How just a few drops of viper venom call kill you
06-06-2018

How just a few drops of viper venom call kill you

How just a few drops of viper venom call kill you.  How just a few drops of viper venom call kill you. Scientists at the Instituto Butantan in Brazil have been analyzing the sugar molecules and proteins in several species of lancehead vipers. The experts found that sugar chains within the snakes known as glycans can modify the toxic proteins in snake venom, causing it to become more lethal.

The lancehead viper is one of the most dangerous snakes in South America, and a single bite can be fatal. Species found throughout Central and South America have venom that can cause hemorrhaging, strokes, and kidney failure.

The team was led by Solange Serrano, a researcher in the Laboratory of Applied Toxicology at Instituto Butantan. According to Serrano, most proteins in lancehead venom are modified with glycans, which can affect the folding, stability, and binding of the proteins. However, little is known about glycan structure in the snakes’ venom.

Serrano’s graduate student Debora Andrade-Silva visited the lab of glycomics expert Vernon Reinhold at the University of New Hampshire to learn ways to structurally characterize glycans.
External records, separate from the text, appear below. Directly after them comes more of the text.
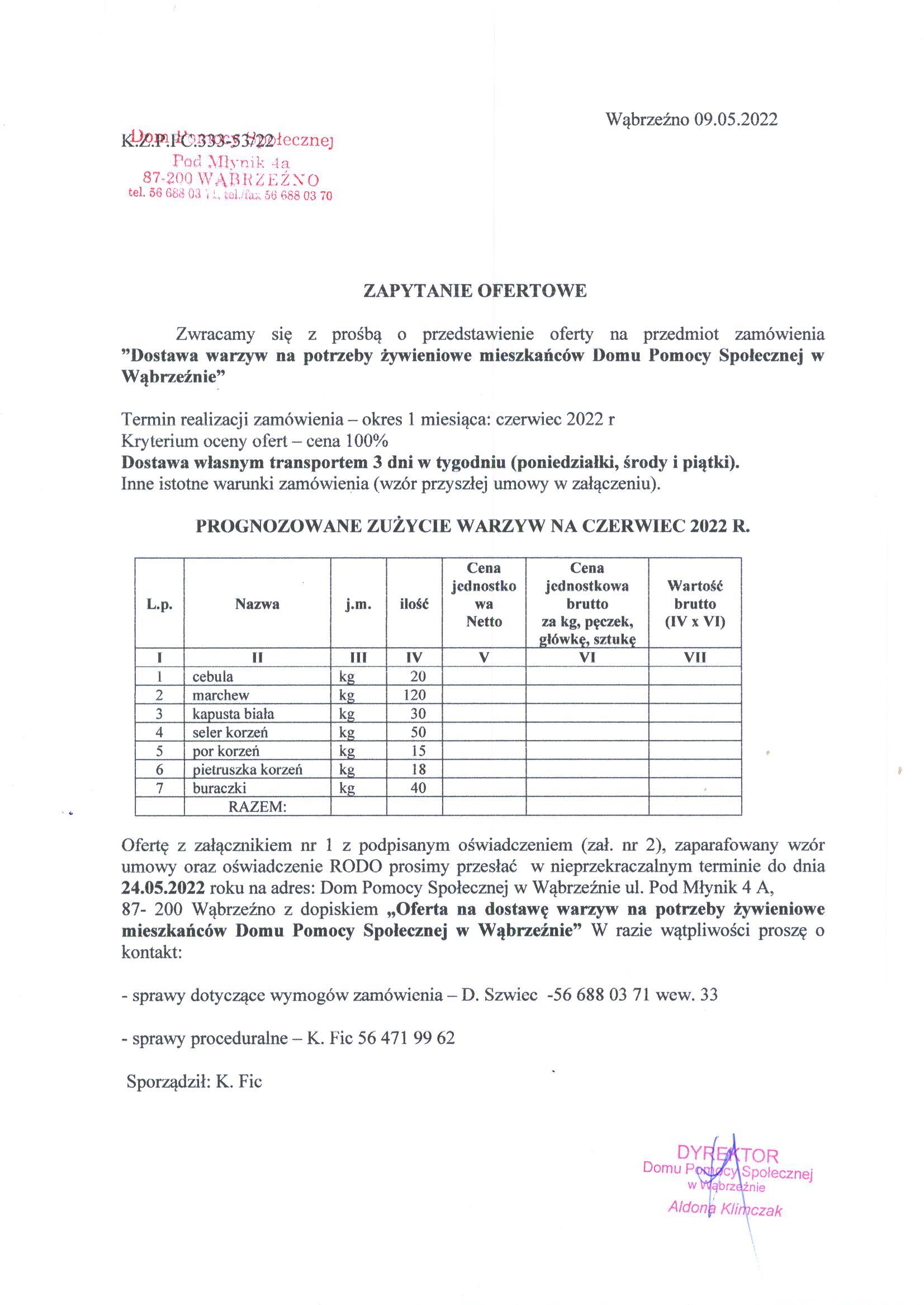 Zapytanie ofertowe na:”Zakup i dostawę warzyw na potrzeby żywieniowe mieszkańców Domu Pomocy Społecznej w Wąbrzeźnie na miesiąc czerwiec 2022 roku”
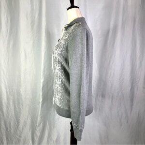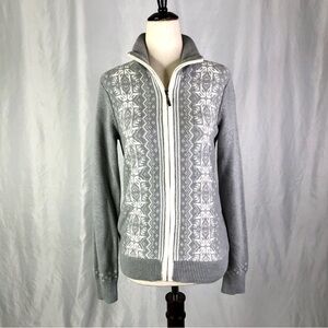 Izod zip front cardigan sweater snowflake fair isle grey white S
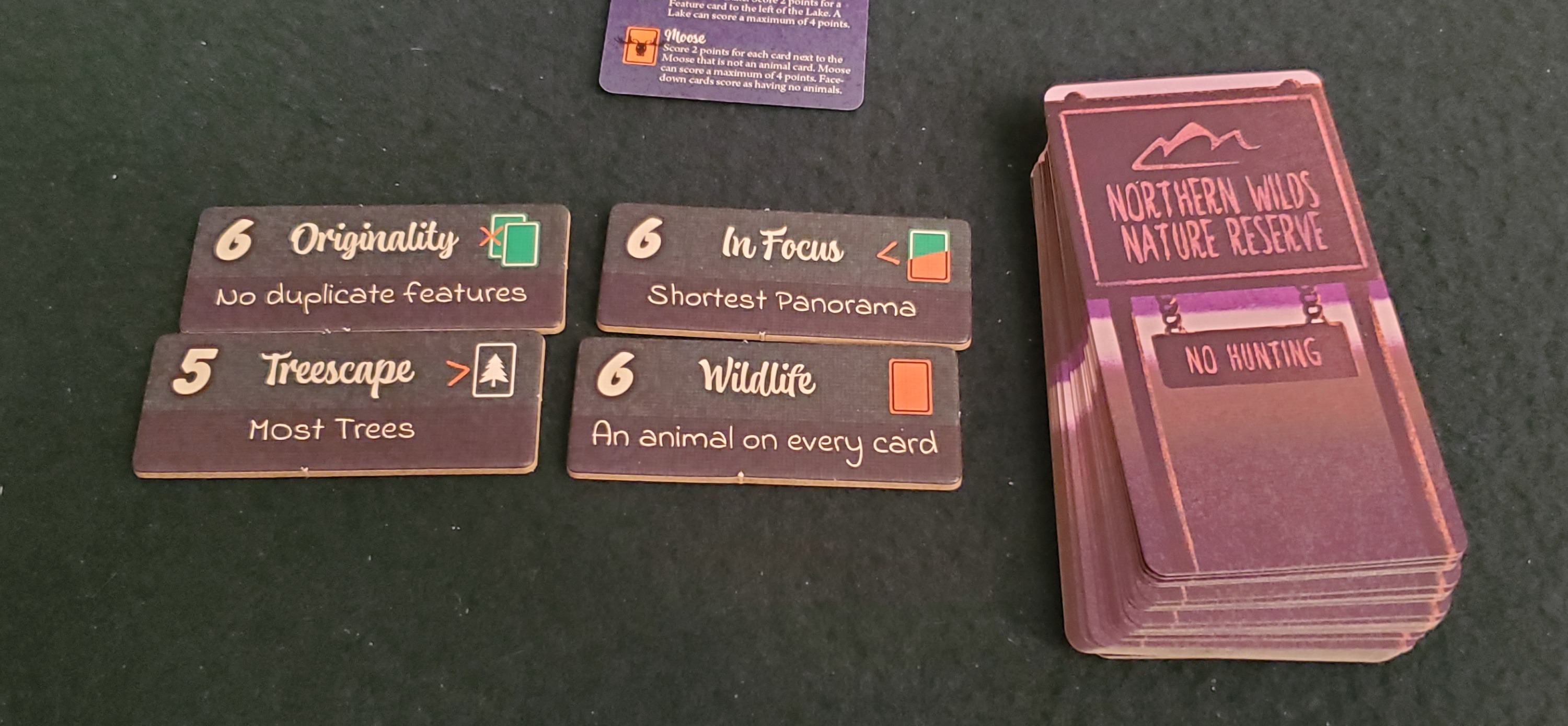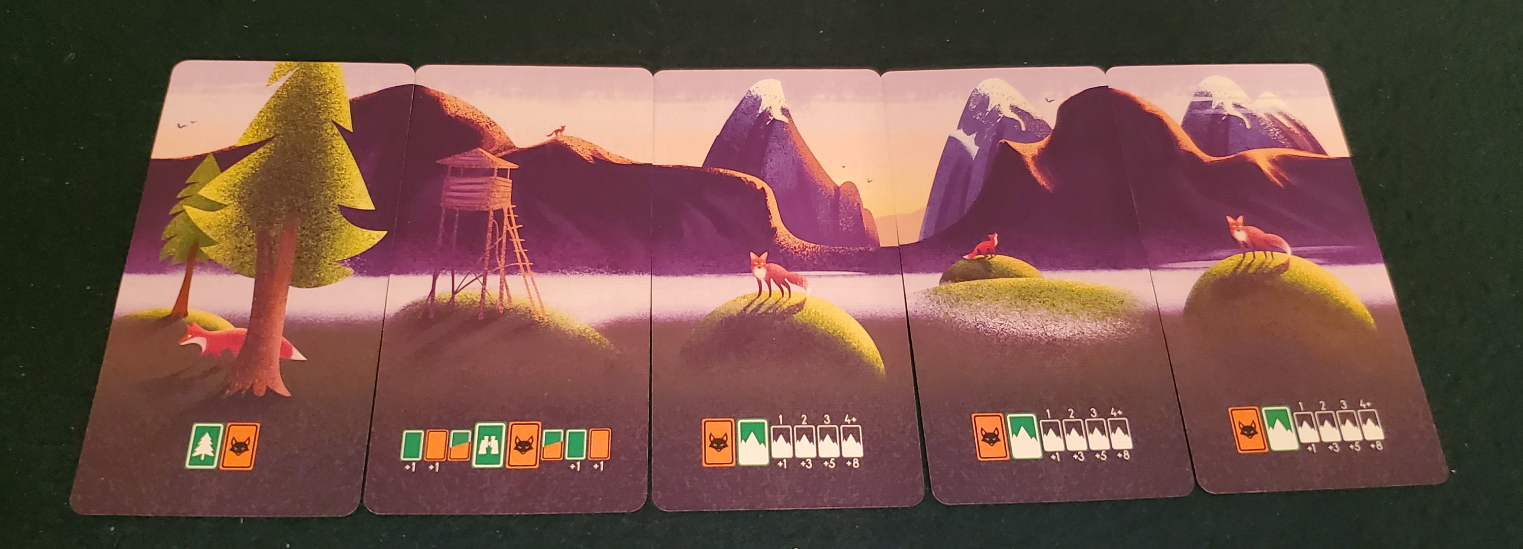 No, really, Panorama is designed to be played twice in succession, from two separate decks, both in coordination (but not cooperation) with your neighbors. First you play through the dusk deck, then slide those panoramas to the side — they’re quite wide — to make room for the panoramas you’ll build from the dawn deck. The icons are slightly different, but what’s more surprising is how similar they are. The same foxes, the same moose, equally unengaging adjacency bonuses… gone are the bears, but by that point our eyelids were so droopy that we might have missed them if they’d shambled through the living room.
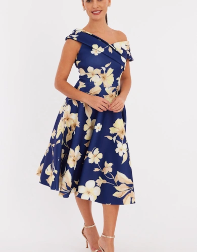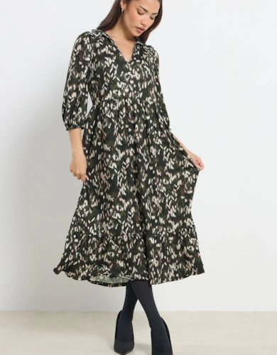 Petite Applique Organdie Buttoned Woven Midi Dress
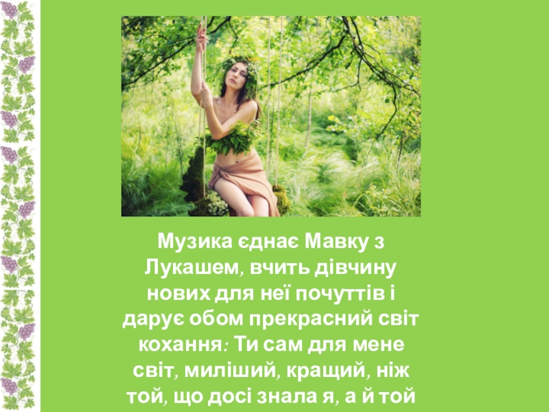 Слайд 10Музика єднає Мавку з Лукашем, вчить дівчину нових для неї почуттів
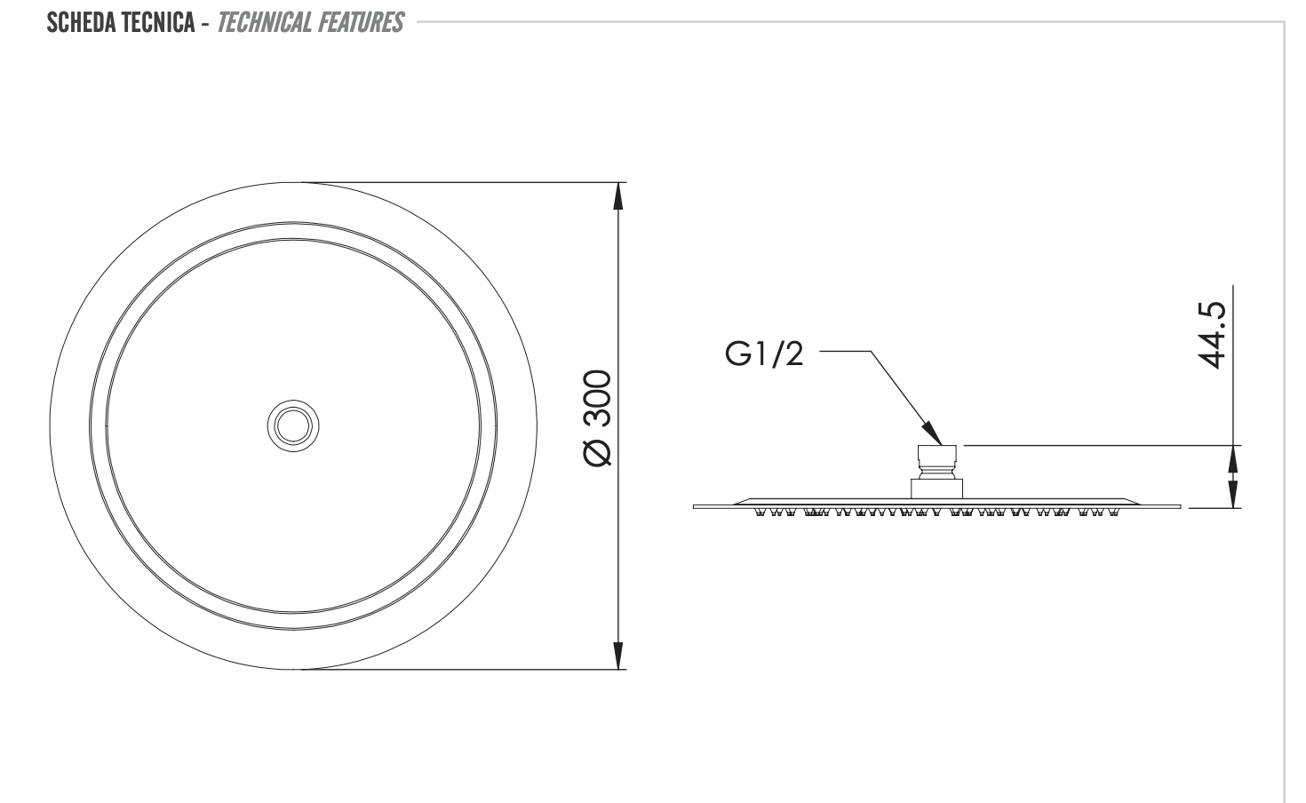 Верхний душ Remer INOX SS357UFM30X с шарнирным соединением 30 см, нержавеющая сталь
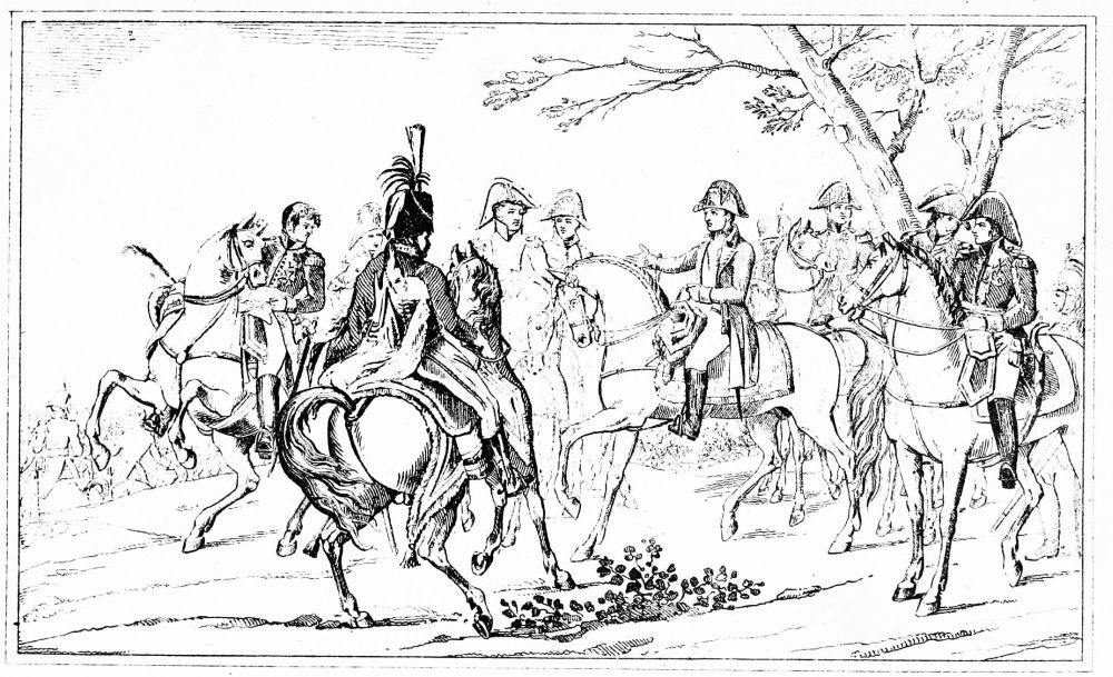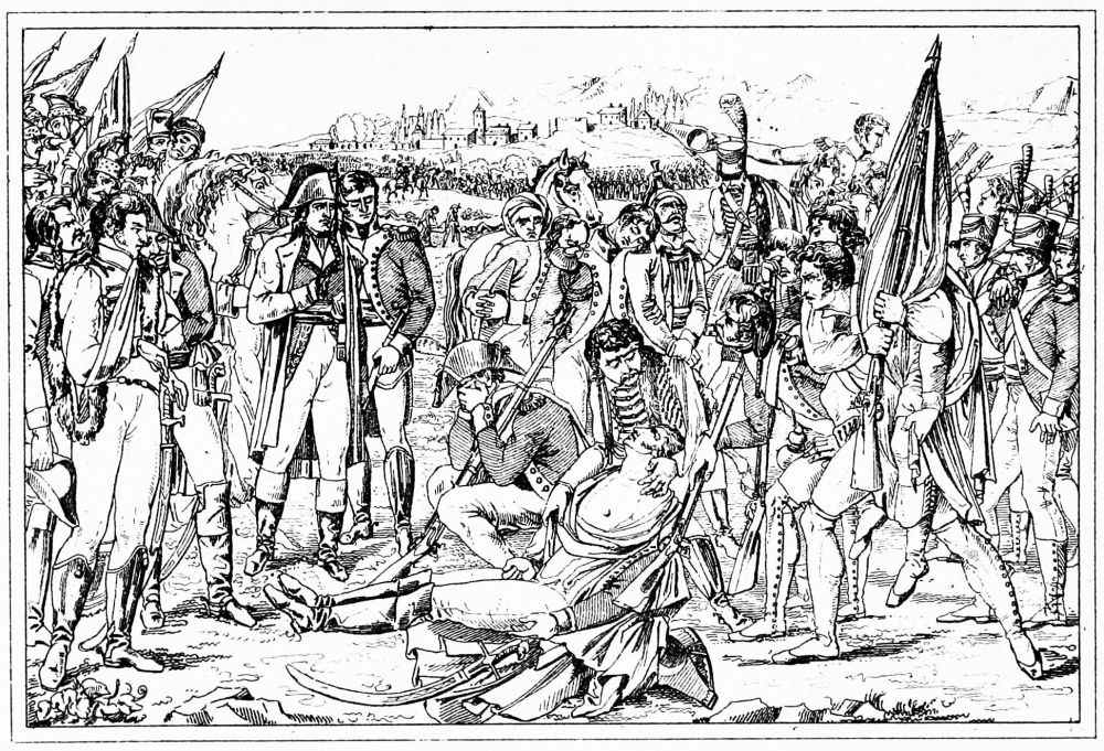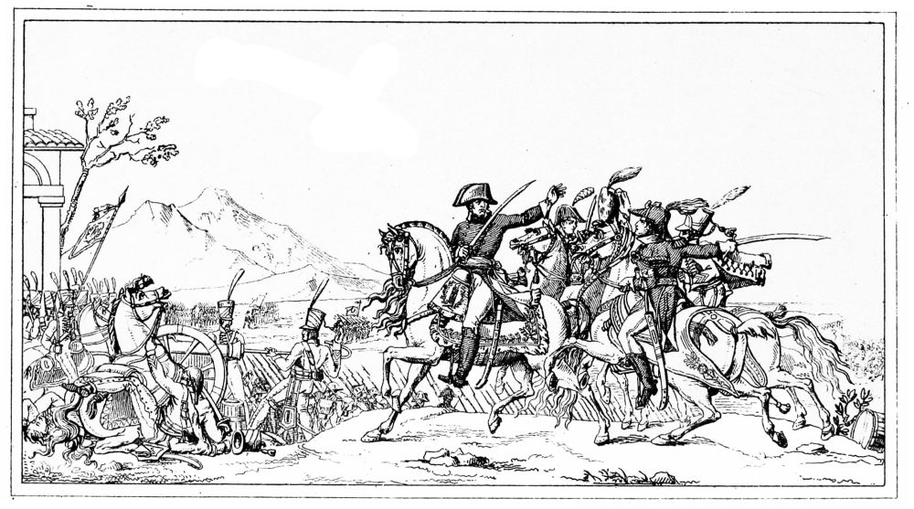 At three o’clock in the afternoon, Napoleon took up his position on the road to San Juliano. “Soldiers!” he cried, “we have retreated far enough, now let us advance! You know it is my custom to sleep on the battle field!” Desaix was ordered to throw himself with his fresh troops upon the 6000 grenadiers of Colonel Zach. Desaix prepared to carry out these orders, but was shot dead at the first fire. “Alas! I must not weep,” said Napoleon; but the loss of this esteemed general redoubled the fury of the troops. Zach himself was taken prisoner; and the next day Melas entered into a negotiation, offering to abandon Genoa, and all the strong places in Piedmont, Lombardy, and the Legations,—provided Napoleon would allow him to march the shattered remains of his army unmolested to the rear of Mantua; this offer Napoleon accepted, and thus became the conqueror of Italy.{101}{100}

Using mass spectrometry, the team characterized the structure of 60 glycan chains in eight lancehead venoms. They were able to determine which sugars were present and how they were linked into glycan structures.

Lancehead venom contains nearly 100 milligrams of protein per milliliter of liquid. At this concentration, protein solutions tend to become very viscous or form gels.

The researchers found that a disproportionate number of glycans attached to the proteins were tipped with sialic acid, a sugar with a negative charge.

Sialic acid on a toxic enzyme may also bind to host proteins called siglecs, pulling the enzyme closer to target cells for a type of “supercharged” venom, which is an effect that has been observed in other types of venom.

The team in Brazil continues working to gain a better understanding of how venom differs among snake species. This discovery could lead to the development of improved anti-venom treatment.

Serrano explained that “the antivenoms do a reasonable job, but they are not so good at neutralizing the local effects of snakebite,” which include swelling, hemorrhage and necrosis.

The research is published in the journal Molecular & Cellular Proteomics.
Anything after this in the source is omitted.